– Предложение, – напомнила Ника.
– Что? А, да! Вера! – Он торжественно приосанился, подобрал вываливающийся из брюк живот. – Я предлагаю вам стать символом нашей партии! Представьте, – лицо Хреновского стало одухотворенным, глаза заблистали нездешним, почти космическим светом, – ваши портреты во всех уголках страны! На плакатах. Телеэкранах. В газетах. На рекламных щитах! Мы с вами покорим мир!

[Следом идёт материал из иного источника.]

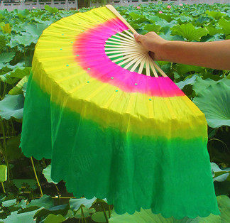舞蹈扇子火焰扇加长扇跳舞扇三色渐变真丝扇广场舞长绸舞蹈扇长扇
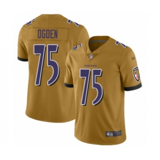 >Youth Baltimore Ravens #75 Jonathan Ogden Limited Gold Inverted Legend Football Jersey
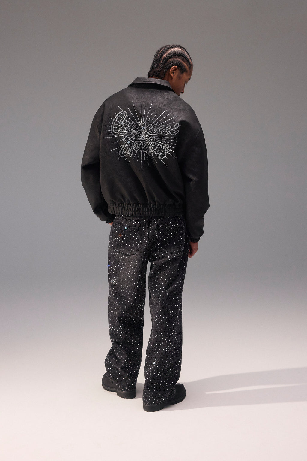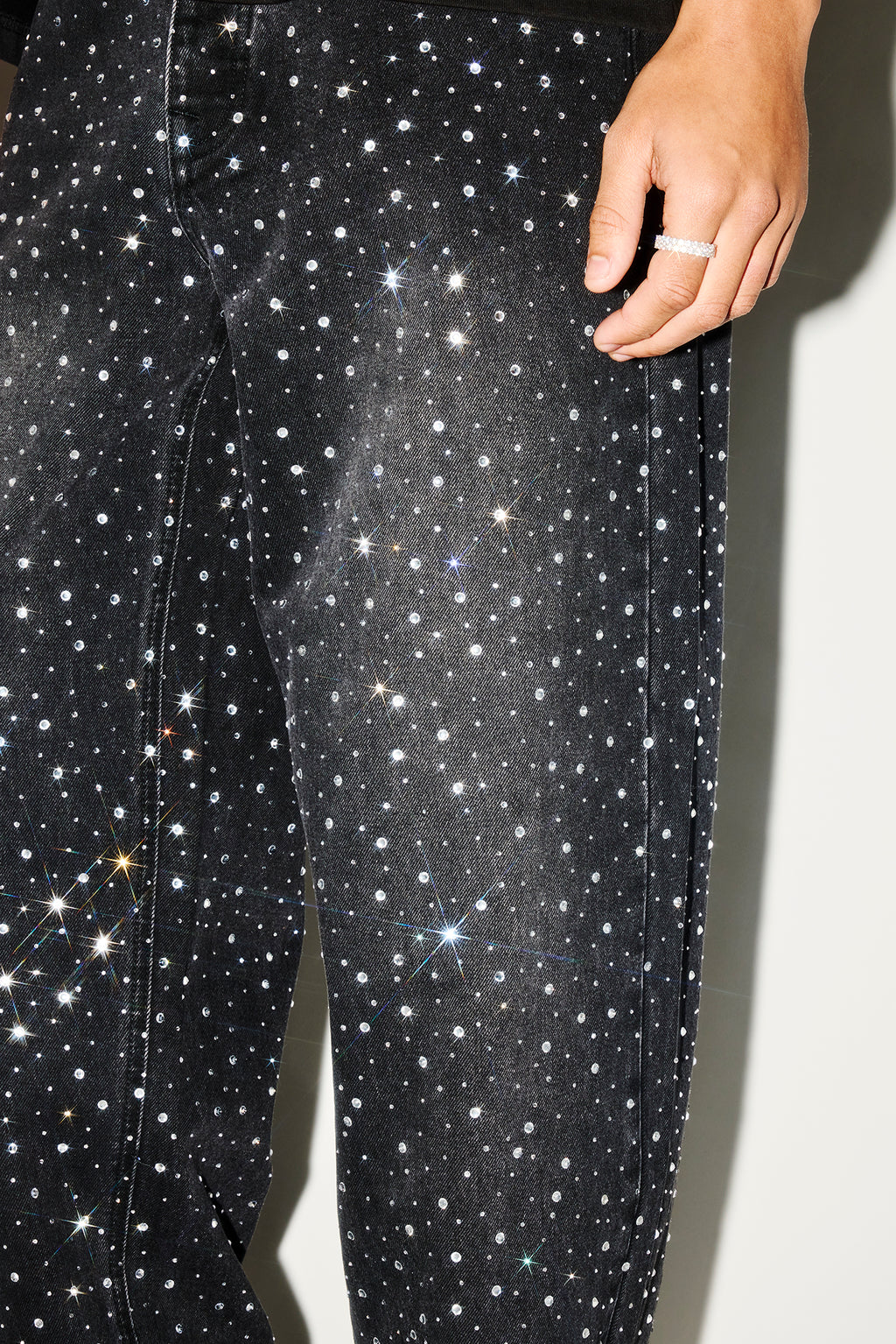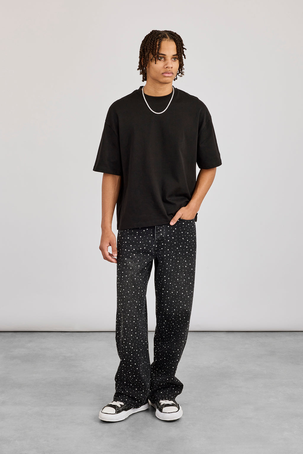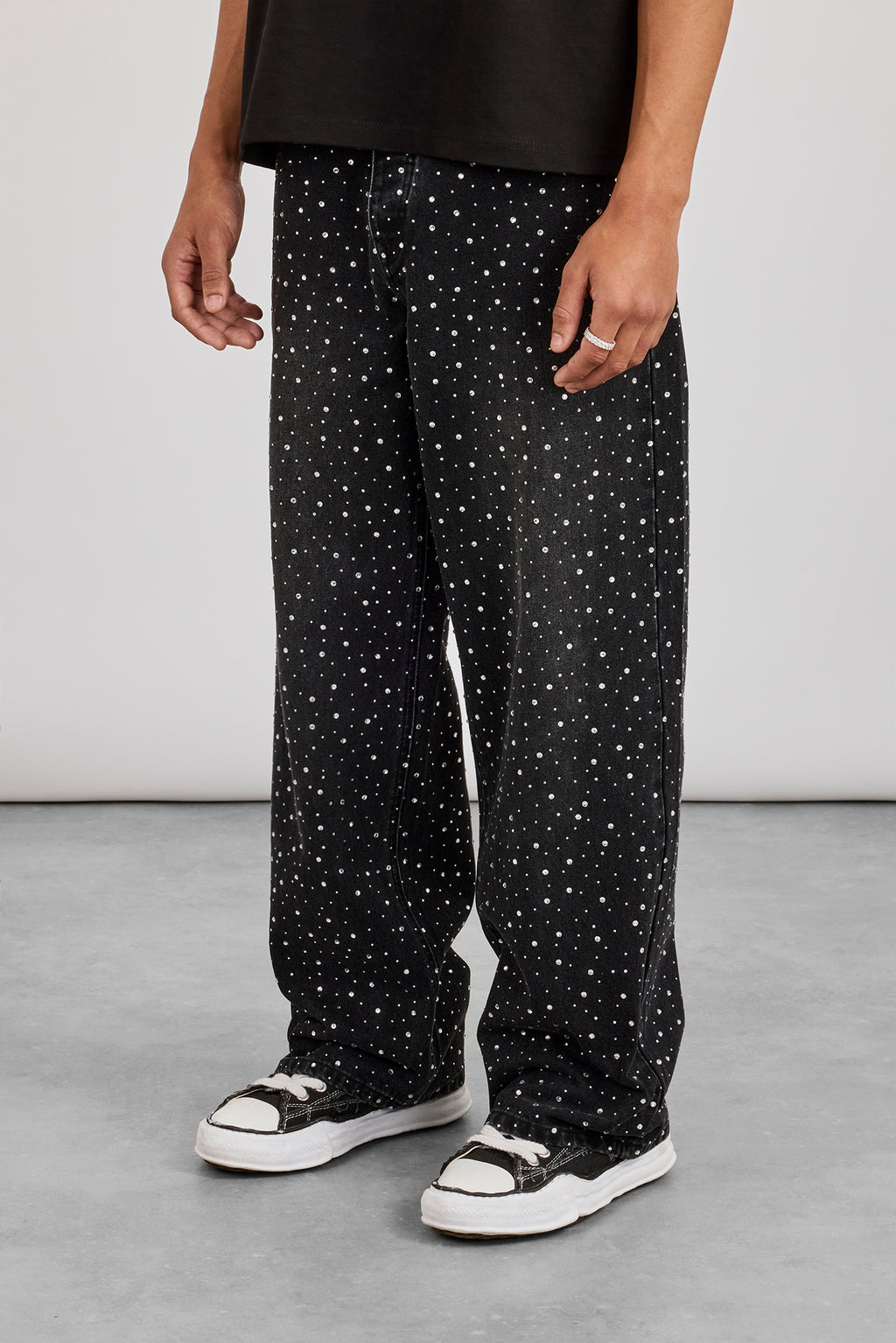 All over rhinestones jeans in our washed black. Baggy fit in cotton rigid denim finished with branded trims.

Ваша красота и моя харизма обеспечат НДПР мировое господство.
Ника беспомощно оглянулась, словно отыскивая, к кому бы обратиться за помощью.
– Вера! – вновь повернул ее к себе Хреновский, еще пуще приосанился и загремел на весь зал, раскатисто, мощно, будто стоял не в вальяжном казино, а на привычной думской трибуне. – Вы – символ русской красоты, и вы достойны стать лицом всей России!
Вокруг них стал собираться заинтересованный народ.
– Вы живете в Париже? – очень тихо, почти шепотом, спросил он.
– В Москве, – пролепетала растерянная Ника.
– Понимаю! – снова загремел депутат. – Заграница своими грязными щупальцами забирает от нас все лучшее! Но женщин, наших, русских женщин, ей у нас не отнять! Когда я приду к власти…
Вокруг них уже собралась целая толпа.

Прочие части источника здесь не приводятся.